Supreme Court Rejects Appeal Of Woman Forced To Share Daughter With Lesbian Ex-Partner

SAN FRANCISCO, California, February 25, 2010 (LifeSiteNews.com) – The US Supreme Court has rejected the appeal of a Texas mother challenging her former lesbian partner’s claim to be the second parent of her daughter, reports the San Francisco Chronicle.   

Kristina S. had conceived her now six-year-old daughter Amalia through artificial insemination during her domestic partnership with lesbian Charisma R. However, Kristina left the partnership three months after her daughter’s birth. 

The former partner initiated a legal challenge to gain visitation rights, but her case was not considered by state judges until the California Supreme Court ruled in 2005 that homosexual partners involved in the process of conceiving and raising their partner’s child had legal rights as “co-parents.”

Charisma had not seen the little girl for five years when an Alameda County judge in California ordered that visits commence based on the state high court’s ruling.

Since the US Supreme Court refused to review the case, the decision of California’s First District Court of Appeal will stand that Christina is the legal “co-parent” and has visitation rights.

Kristina S. was represented by the civil advocacy group, Liberty Counsel, which argued to the high court that the California judiciary was replacing the natural family with a judicial definition. 

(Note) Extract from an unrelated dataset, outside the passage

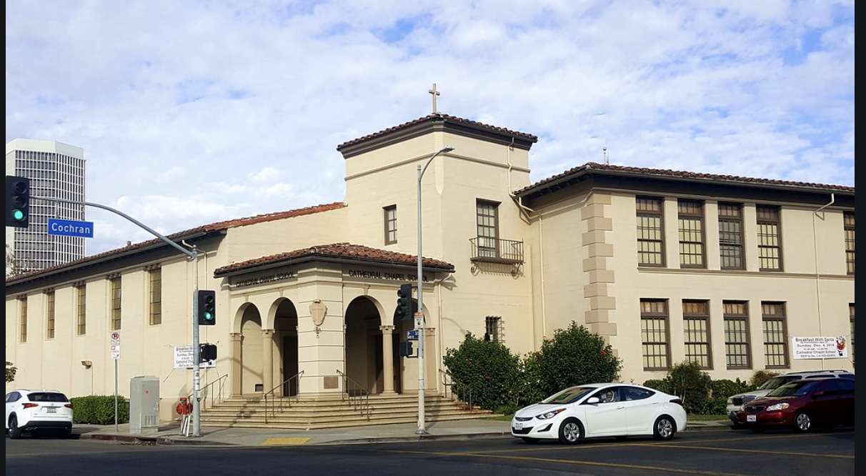 Raman must convince the Archdiocese of Los Angeles’ Cathedral Chapel School, (photo above) directly across the street from the proposed homeless housing project, that the project will not negatively impact the school.

Liberty Counsel is also representing Lisa Miller, an ex-lesbian who has been ordered to give up daughter Isabella to former partner Janet Jenkins, whom she said she left after years of abuse. Miller and Jenkins had entered into a Vermont civil union in 2000, but broke up shortly after the birth of Isabella in 2003.

Miller is now a resident of Virginia, which does not recognize civil unions, and fought to prevent Jenkins from having contact with Isabella after her daughter showed signs of psychological trauma from the visits. After one visit, Isabella put a comb to her neck and told her mother that she wanted to kill herself; in another incident, Isabella said Jenkins forced her to bathe naked with her.

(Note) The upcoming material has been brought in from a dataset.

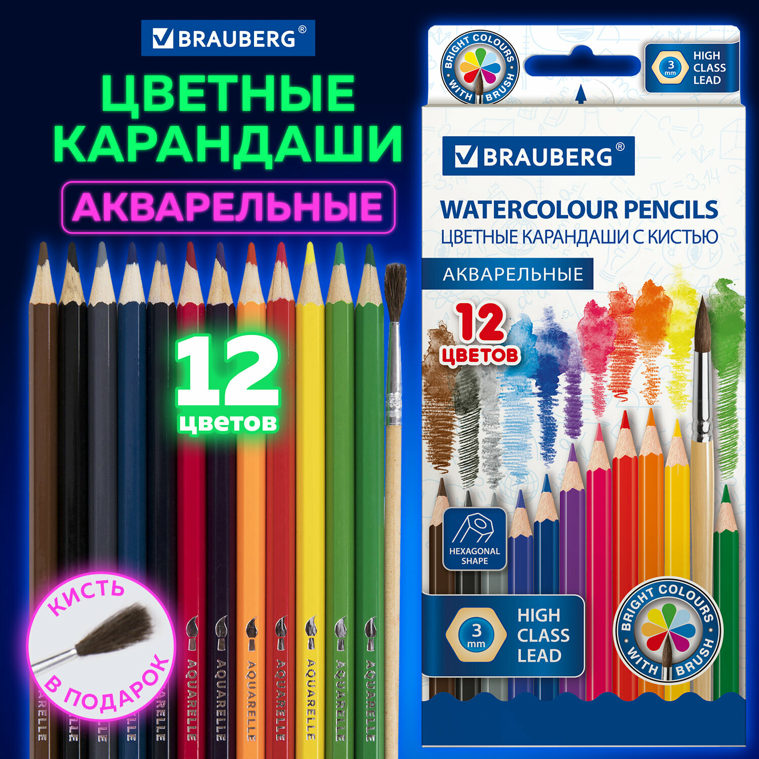 10 цен на Карандаши акварельные цветные для рисования классические мягкие Brauberg, 12 цветов, с Кистью, шестигранные, грифель 3 мм, натуральное дерево, 181848

After years of legal struggles in both Vermont and Virginia courts to prevent the unsupervised visits, Miller severed contact with her attorneys and disappeared in November of last year. She has not been heard from since.

Vermont Judge Richard Cohen has issued an arrest warrant for Miller for failing to transfer custody of Isabella to Jenkins. A judge in Bedford County, Va. last week refused to issue an arrest warrant for Miller, due to the fact that she had not been legally subpoenaed in that state.